Beginning at the line that contains "Large Rustic Green" and finishing at the line that contains "Tee shirt à", output the data below exactly. Include both end lines and no pictures.

* LISTED ENTRIES
◇ ◇ ◇ ◇ ◇
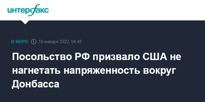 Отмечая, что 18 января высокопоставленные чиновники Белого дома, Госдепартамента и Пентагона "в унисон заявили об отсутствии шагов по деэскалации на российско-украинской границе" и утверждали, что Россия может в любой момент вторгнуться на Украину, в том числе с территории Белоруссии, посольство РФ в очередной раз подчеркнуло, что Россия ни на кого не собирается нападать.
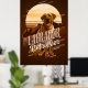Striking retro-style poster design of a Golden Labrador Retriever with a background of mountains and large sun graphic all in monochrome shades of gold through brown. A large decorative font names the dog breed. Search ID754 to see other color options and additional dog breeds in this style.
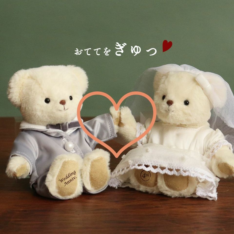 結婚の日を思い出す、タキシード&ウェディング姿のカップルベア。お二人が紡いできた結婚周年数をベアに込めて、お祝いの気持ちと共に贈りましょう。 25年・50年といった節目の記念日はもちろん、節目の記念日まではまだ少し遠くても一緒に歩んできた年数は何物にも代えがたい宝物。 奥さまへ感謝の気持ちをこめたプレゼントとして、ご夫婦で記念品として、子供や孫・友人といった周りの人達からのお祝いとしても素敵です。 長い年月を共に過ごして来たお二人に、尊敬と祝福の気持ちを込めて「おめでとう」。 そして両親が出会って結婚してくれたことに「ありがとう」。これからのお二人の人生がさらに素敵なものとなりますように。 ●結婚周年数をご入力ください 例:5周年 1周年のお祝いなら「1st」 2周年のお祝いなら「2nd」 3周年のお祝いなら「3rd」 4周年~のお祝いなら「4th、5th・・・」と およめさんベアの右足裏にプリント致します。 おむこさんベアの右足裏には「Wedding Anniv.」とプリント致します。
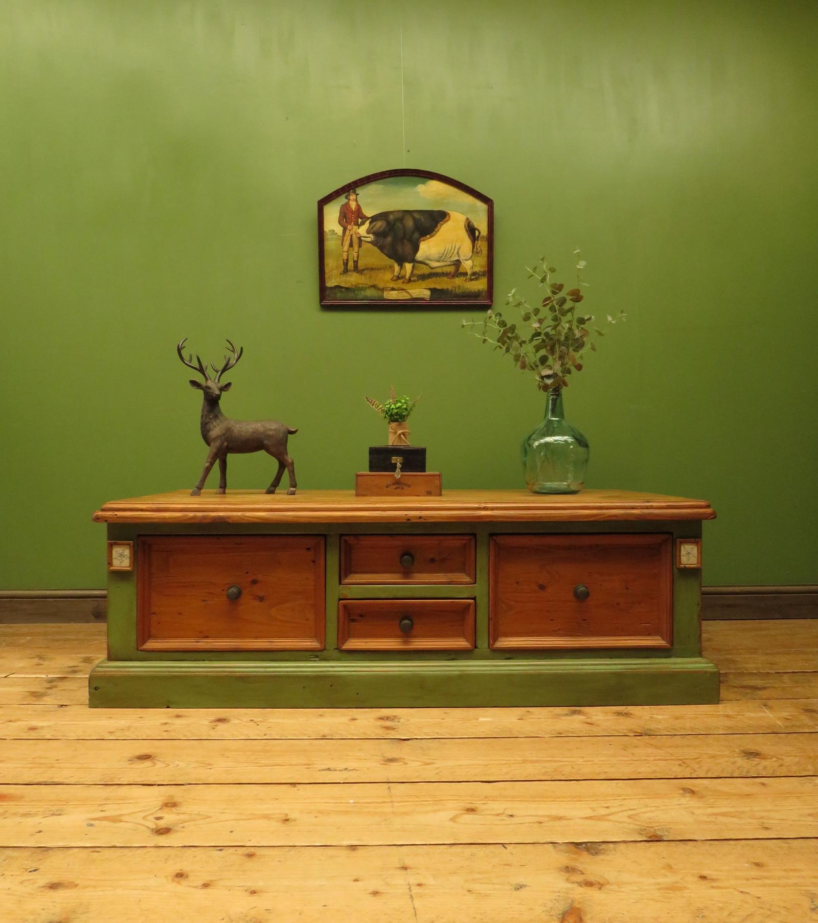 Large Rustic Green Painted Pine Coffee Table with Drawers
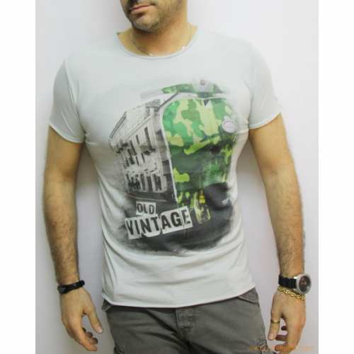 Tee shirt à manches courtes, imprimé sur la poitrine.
◇ ◇ ◇ ◇ ◇
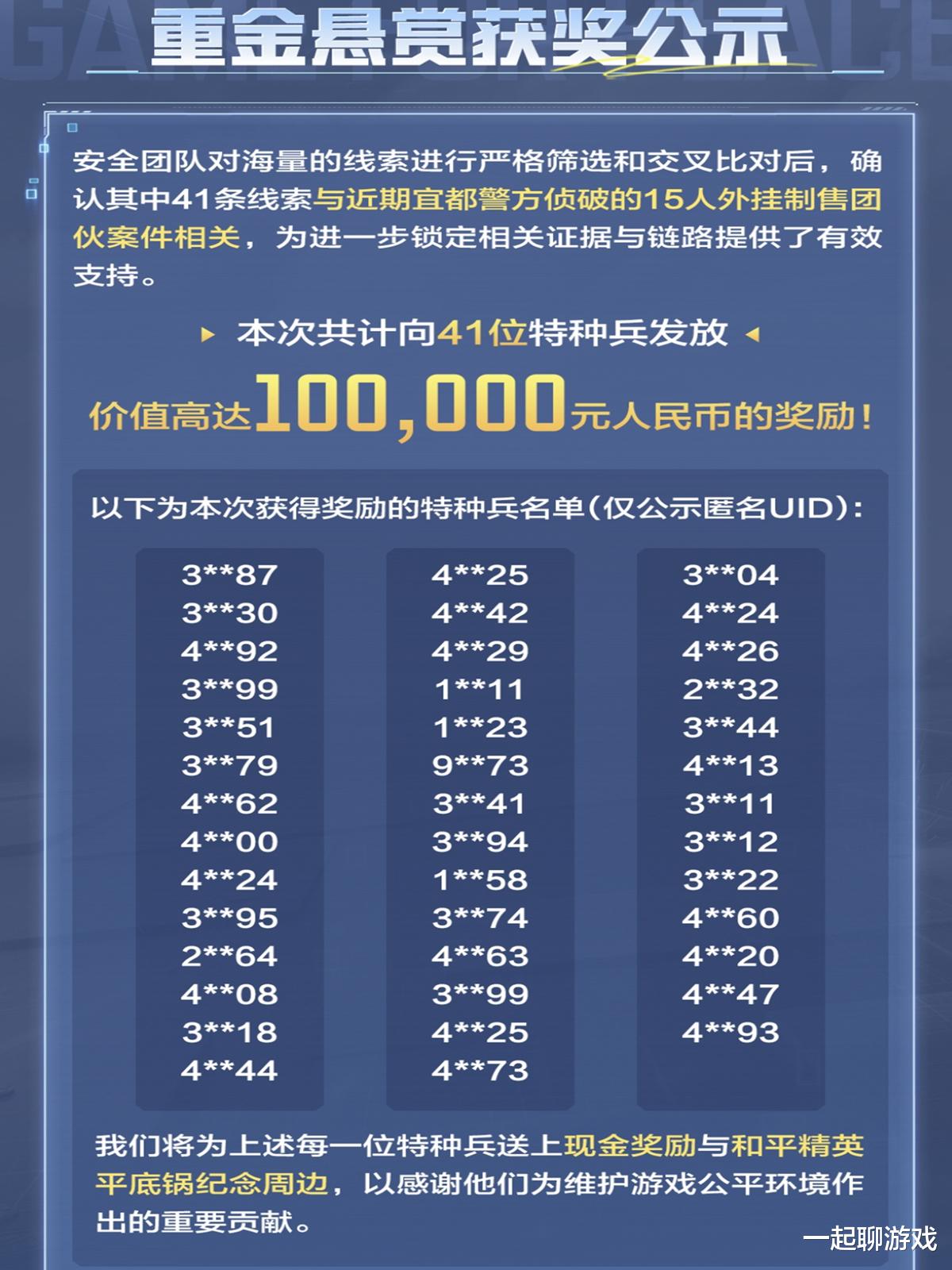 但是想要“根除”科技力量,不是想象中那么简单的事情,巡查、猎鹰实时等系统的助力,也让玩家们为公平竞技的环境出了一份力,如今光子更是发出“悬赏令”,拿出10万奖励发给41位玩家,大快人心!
◇ ◇ ◇ ◇ ◇
* ANSWER TO THIS TASK
 Large Rustic Green Painted Pine Coffee Table with Drawers
 Tee shirt à manches courtes, imprimé sur la poitrine.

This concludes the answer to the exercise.